Quelle parole così amare avevano rattristato Brandbury, soprattutto per il fatto che fossero dolorosamente vere: l'unica strada possibile per Ivory era quella di mettere al servizio degli altri le proprie abilità e di essere pagato per esse, nessuno si sarebbe mai accorto che sotto l'elmo si nascondeva il volto pallido di un elfo albino, e tra le fila dei mercenari nessuno ci avrebbe badato.
Così il ragazzo era partito per Derenstor, dove era stato iniziato all'arte della spada e della guerra, e dove si era guadagnato il nome di Spettro, sia a causa del suo aspetto sia per i suoi movimenti silenziosi e appena udibili. Si era rivelato un assassino formidabile e un guerriero impavido che metteva tutto sé stesso nell'ardore della battaglia e non si risparmiava, arrivando allo stremo delle forze e continuando imperterrito a combattere, guadagnandosi l'ammirazione e il rispetto dei suoi compagni e dei suoi superiori.
Brandbury, da allora, lo aveva visto molto di rado, e sempre più sciupato e segnato dagli scontri, dalla stanchezza e dalla fatica; dietro di sé portava costantemente puzzo di morte, distruzione e disperazione, un odore misto di sudore, lacrime e sangue che non lo abbandonava mai, nemmeno nei momenti di riposo.
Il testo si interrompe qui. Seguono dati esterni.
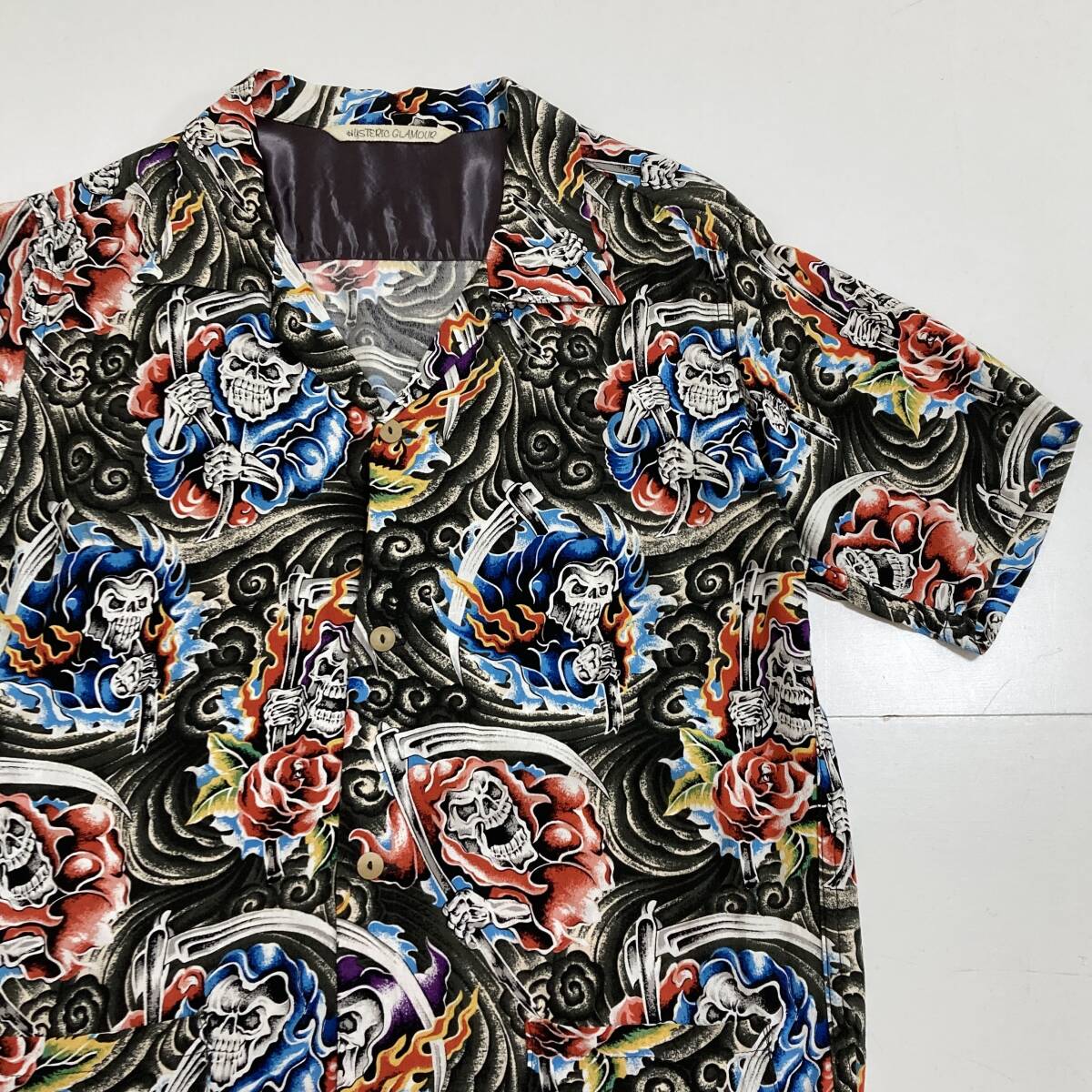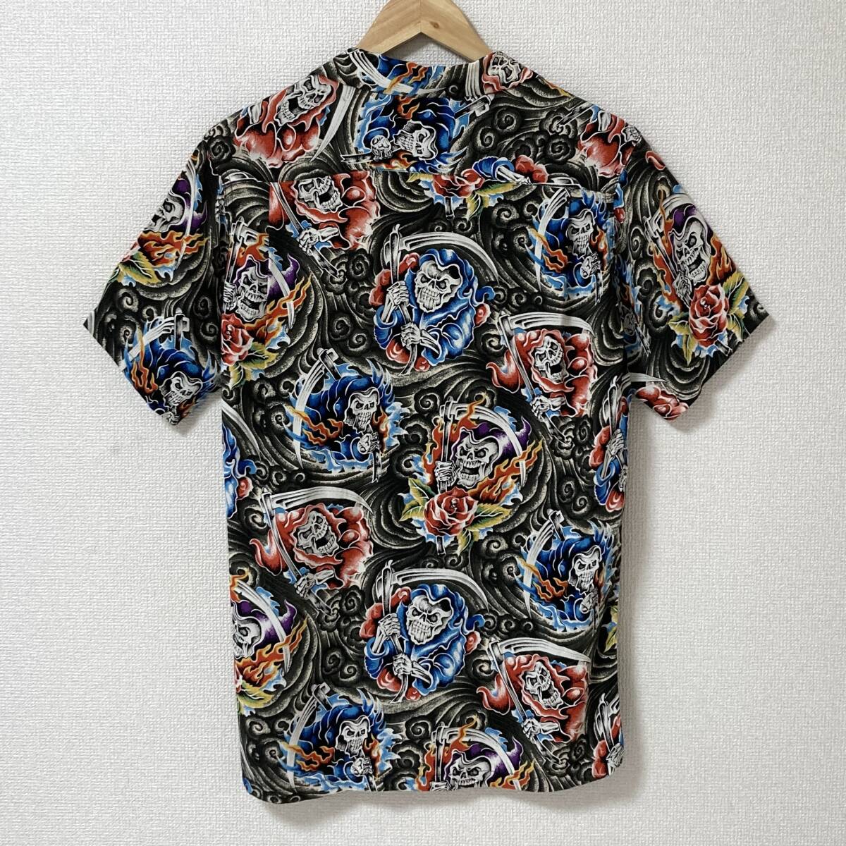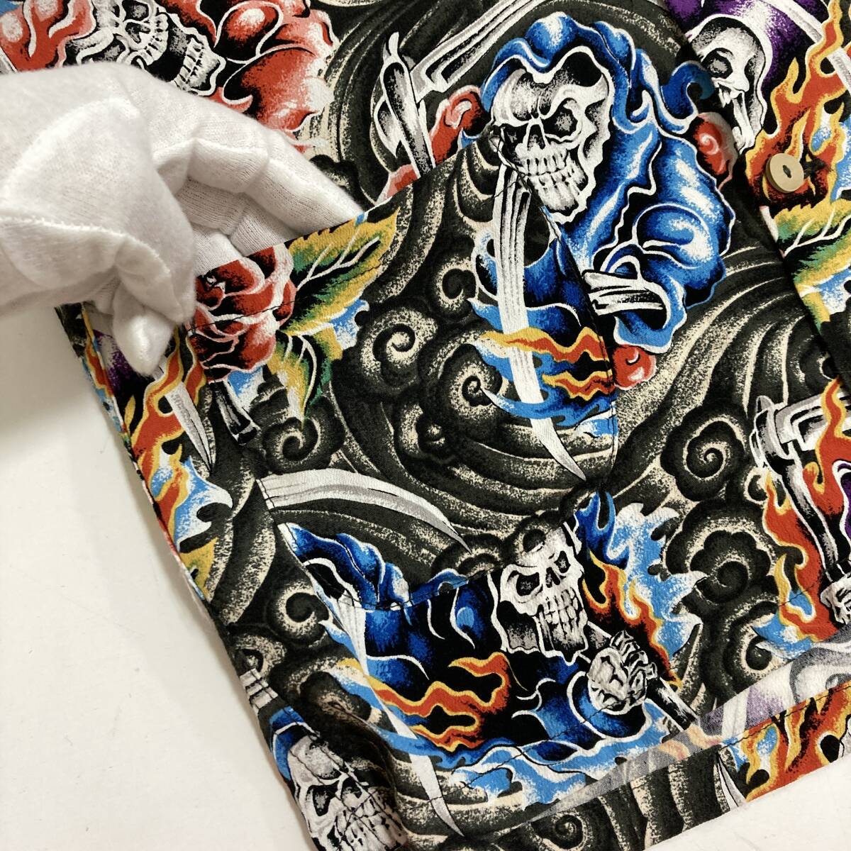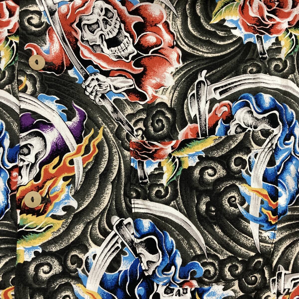 90s 00s HYSTERIC GLAMOUR 死神 総柄 レーヨン アロハシャツ ヒステリックグラマー オープンカラー 開襟 Y2K VINTAGE archive 4090190

Il fratello aveva sempre disapprovato la scelta, ma non aveva mai fatto nulla per ostacolarlo ed impedirgli di rischiare la vita ad ogni respiro, ad ogni movimento di spada, ad ogni fischio di freccia, ad ogni caduta e ad ogni nuova carica. In fondo, era la sua vita e stava all'elfo decidere come viverla: se sull'orlo di una bava di ragnatela sospesa perennemente tra la vita e la morte, o nella sicurezza confortevole di una casa modesta ma vivibile.
Più volte si era domandato se la scelta non fosse stata dettata da qualche errore da parte sua che l'aveva spinto ad allontanarsi da lui: in quegli anni, aveva sempre cercato di non farlo sentire diverso e fuori posto, ma, forse, tutte le sue premure avevano sortito l'effetto opposto facendolo sentire ancora più escluso e bisognoso di cure particolari perché non si riteneva degno di essere trattato come tutti gli altri.
Da bambini era stato più semplice: l'ingenuità e la spensieratezza dell'età avevano permesso un rapporto spontaneo e sincero, genuino; ma con il passare del tempo la consapevolezza delle malelingue e delle voci che correvano sul conto di Ivory avevano appesantito l'atmosfera e avevano fatto chiudere il ragazzo in un guscio da cui, a volte, nemmeno Brandbury era stato capace di farlo uscire.
Il disagio dell'elfo si era sempre più acuito, sebbene cercasse di tenerlo nascosto in tutti i modi, soprattutto a sua madre. A Brand, però, non erano sfuggite le occhiate malevole e le frecciatine più o meno velate che venivano lanciate all'indirizzo del fratello e non gli era sfuggito nemmeno quanto queste lo ferissero e lo facessero soffrire. Per questo l'aveva lasciato andare: credeva che allontanarsi dalla mentalità ristretta e bigotta del piccolo villaggio per cercare il suo posto nella grande tela della dea Maras gli avrebbe giovato e l'avrebbe aiutato ad accettare sé stesso e quello che era, senza farsene una colpa e senza vederlo come un difetto o una condanna.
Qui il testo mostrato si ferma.